This might raise the question of why the restoration of free will is considered to be a good thing. Was not free will the source of the problem in the first place? Man was given the choice between obedience to God and immortality on the one hand and sin and death on the other and chose the latter, bringing all sorts of misery upon himself, enslaving himself to sin and death. If God, motivated by His love, mercy, and grace, decided to redeem mankind from the mess he had gotten himself into, why return him to a state of free will and the choice between following the sinful inclinations from which he has been liberated and obeying God in righteousness?

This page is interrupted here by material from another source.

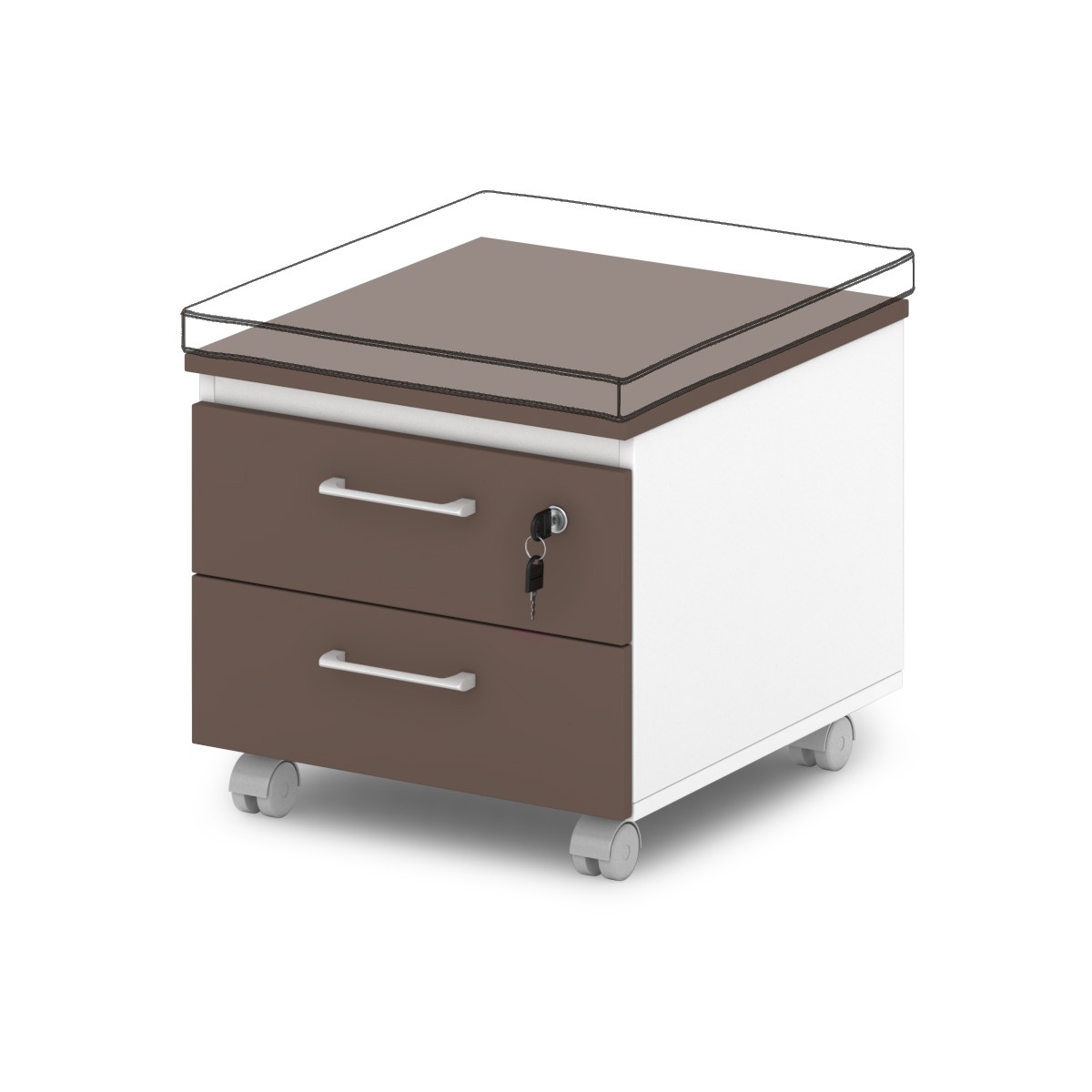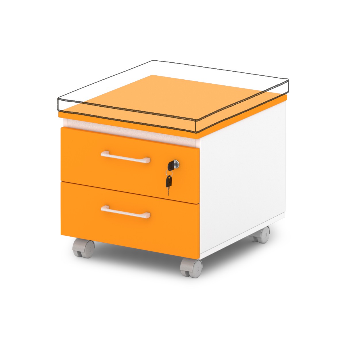 Офисная тумба подкатная низкая с замком на первый ящик. Оборудована шариковыми направляющими скрытого монтажа с механизмом самозадвижения. Размер ящика позволяет разместить два ряда документов формата А4.

The problem with this question is that free will was part of the original creation and is therefore something that is good in itself. It is not free will but the abuse of free will that is the origin of sin. Free will is not just the ability to choose evil, but the ability to choose good. The latter cannot exist without the former.

This brings us back to Anthony Burgess, with whom we began this essay. The writer who grounded his rejection of progressive politics on its inherent rejection of original sin, in his most well known novel offered a defense of free will, a belief in which was also the result of his Catholic upbringing, on precisely the grounds that removing the possibility of choosing evil also eliminates the possibility of choosing good. In A Clockwork Orange, the main character and narrator, Alex, the leader of a gang of “ultraviolent” teenage hooligans, imprisoned after an evening of rape and murder, becomes a test subject of a progressive government experiment in which an aversion to sex and violence is created with pain inducing drugs. If you have read the novel or seen Stanley Kubrick’s film adaptation you are undoubtedly aware of how the process works. The point is that Alex is turned into a model citizen by the removal of his free will. This turns out to have major drawbacks.

Once Kubrick’s film had made the novel famous, Burgess was besieged with requests for explanations of the story, its violence, its title, and the weird lingo, a combination of rhyming slang and Russian, that many of the characters use. In his response he would always point to the theme that had inevitably been overlooked – that free will is an essential component of any real choice of the good. (10)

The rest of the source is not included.